Esta calificación implicaría que el órgano de administración estaría obligado a cumplir con todas las obligaciones previstas en la normativa de protección de datos personales (RGPD y LOPD-gdd) en relación con el sistema interno de información, pudiendo ser sancionado con multas de hasta 20 millones de euros por los incumplimientos en materia de privacidad derivados de su rol como responsable del tratamiento.

Esta consideración fue incluida en la Ley a raíz de una petición de la Agencia Española de Protección de Datos (AEPD) en su informe al anteproyecto de ley. Sin embargo, la propia AEPD ha emitido posteriormente un informe en el que clarifica que la interpretación correcta de este artículo 5.1. es que es la Sociedad quién debe ser responsable del tratamiento y no el órgano de administración. Explicamos más ampliamente esta cuestión en nuestra alerta que se puede consultar aquí

Además, la norma presenta diversas incongruencias en su articulado en relación con esta materia. Por ejemplo, a la hora de definir el tratamiento de datos sensibles o al determinar el almacenamiento de datos personales derivados de comunicaciones que se reciban en el sistema interno de información que no estén vinculadas con conductas incluidas en el ámbito de aplicación de la Ley de protección al informante.

Otro de los aspectos relevantes que está dando lugar a importantes debates es la limitación de acceso a datos personales por determinados colectivos o responsables de la organización, lo cual puede afectar directamente a la composición del Responsable del Sistema, cuando este es un órgano colegiado.
Se trata de aspectos muy relevantes que han de ser analizados y cubiertos desde la perspectiva de la protección de datos personales.

Penal

Tras la Ley de protección al informante es necesario garantizar que el procedimiento que regula el funcionamiento del sistema interno de información sea compatible con el derecho a la defensa de la organización ante un eventual procedimiento penal. 

Además, la perspectiva de compliance penal a la hora de implementar el sistema interno de información es esencial, tanto en las empresas que contaban ya con canales éticos o de denuncia para la comunicación de irregularidades e incumplimientos, como en el caso de organizaciones que ya disponen de un modelo de compliance penal y una función de cumplimiento, toda vez que deberá asegurarse su coherencia con los elementos propios del sistema interno de información. 

Gobierno corporativo

Especialmente en el caso de los grupos de empresas, la Ley de protección al informante prevé distintas posibilidades permitiendo, por ejemplo, que haya un único sistema interno de información (y, por ende, un responsable del sistema) para todo el grupo o bien que cada sociedad filial tenga su propio sistema (y, en consecuencia, su propio responsable).

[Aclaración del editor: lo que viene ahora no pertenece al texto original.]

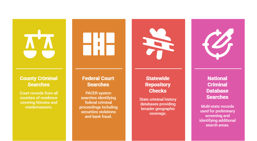 - National criminal database searches: Multi-state records used for preliminary screening and identifying additional search areas.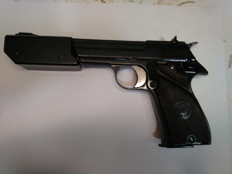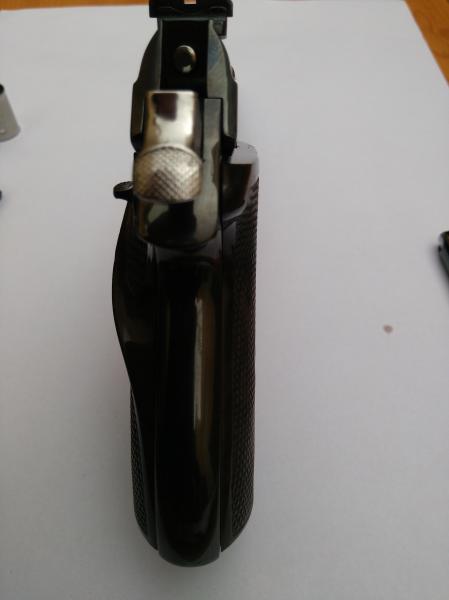 La pistola esta impecable, mejor ver en la mano. Se puede ver y probar en Sevilla. Se entrega con dos cargadores y los dos contrapesos que se ven las fotos. La pistola esta recién pavonada, engrasada y ajustada por armero profesional, a toda prueba.

Por ello, es preciso no sólo centrarse en las cuestiones programáticas y procedimentales que prevé la ley con carácter general para cualquier sociedad, sino también en diseñar el modelo más conveniente desde el punto de vista de la adecuada localización y aislamiento de sus riesgos y el cumplimiento de las exigencias de la nueva normativa en este ámbito.  

La conveniencia de optar por una u otra posibilidad dependerá de diversos factores como la estructura societaria y de gobierno corporativo de cada grupo de sociedades y el nivel de descentralización que se quiera adoptar en cada caso. 

Prevención del blanqueo de capitales y de la financiación del terrorismo

La Ley de protección al informante incluye, dentro de su ámbito de aplicación, a todos los sujetos obligados a prevenir el blanqueo de capitales y la financiación del terrorismo. 

La implantación de un sistema interno de información que incluya la posibilidad de comunicar los incumplimientos de la normativa y procedimientos de prevención del blanqueo y la financiación del terrorismo diseñados por las entidades supone también, siempre que se cumplan las especificaciones previstas en la norma de referencia, el cumplimiento de la obligación de mantener el canal de denuncias incorporado en 2018 a la normativa de prevención.